The right-to-try bill, which suffered a surprise 259-140 defeat in the House of Representatives last week, is scheduled for another vote this week, perhaps as early as Wednesday.

On Monday, the House Committee on Rules was scheduled to meet late in the day to change the procedure so that it could be passed with just a simple majority, rather than a two-thirds majority, and this time approval seems likely.

Also this week, 4 former FDA commissioners who worked on both sides of the aisle expressed their opposition to the bill in a statement to the Washington Post.

“There is no evidence that either bill would meaningfully improve access for patients, but both would remove the FDA from the process and create a dangerous precedent that would erode protections for vulnerable patients,” the statement read. The reference to “either bill” referred to a companion bill in the Senate.

The statement was signed by Robert Califf, MD, and Margaret Hamburg, MD, who were commissioners during the Obama administration, and Mark McClellan, MD, PhD, and Andrew von Eschenbach, MD, who served under President George W. Bush. The Washingotn Post said the joint statement is a bipartisan attempt to try to slow down the legislation.

Last week, The American Journal of Managed Care® (AJMC®) spoke with Marjorie A. Speers, PhD, executive director of the WCG Foundation, a public charity that works to ensure experimental medicines to very ill patients under the FDA's current expanded access and compassionate use programs. Speers has previously participated on a panel on this subject at AJMC®'s Patient-Centered Oncology Care® meeting in Philadelphia, Pennsylvania.

Speers told AJMC® she did not think the bill added much beyond the FDA's current expanded access program

Last week, patient groups remained unconvinced about the bill, as well—75 of them sent a letter to House Speaker Paul Ryan, R-Wisconsin, and Minority Leader Nancy Pelosi, D-California, to protest the bill.

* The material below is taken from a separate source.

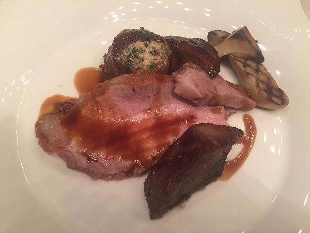 放牧豚18ケ月の骨付きロースト、内臓のソーセージと舌の煮込み添え

On Monday, Representative Frank Pallone, D-New Jersey, ranking member of the House Energy and Commerce Committee, put forth a substitute amendment in an effort to kill the bill as it currently stands—HR 5247, the "Tricket Wendler, Frank Mongiello, Jordan McLinn, and Matthew Bellina Right to Try Act of 2018"—and restore some FDA oversight and patient safety reporting. Pallone has opposed the bill.

The bill is supported by House Energy and Commerce Committee chairman, Greg Walden, R-Oregon, and chair of the health subcommittee, Michael C. Burgess, MD, R-Texas. Both had endorsed the updated version of the legislation, saying that it incorporates concerns raised by FDA Commissioner Scott Gottlieb, MD, and others.

The bill was pushed by Vice President Mike Pence, who signed a similar bill when he was governor of Indiana, and touted by President Donald Trump in his State of the Union address.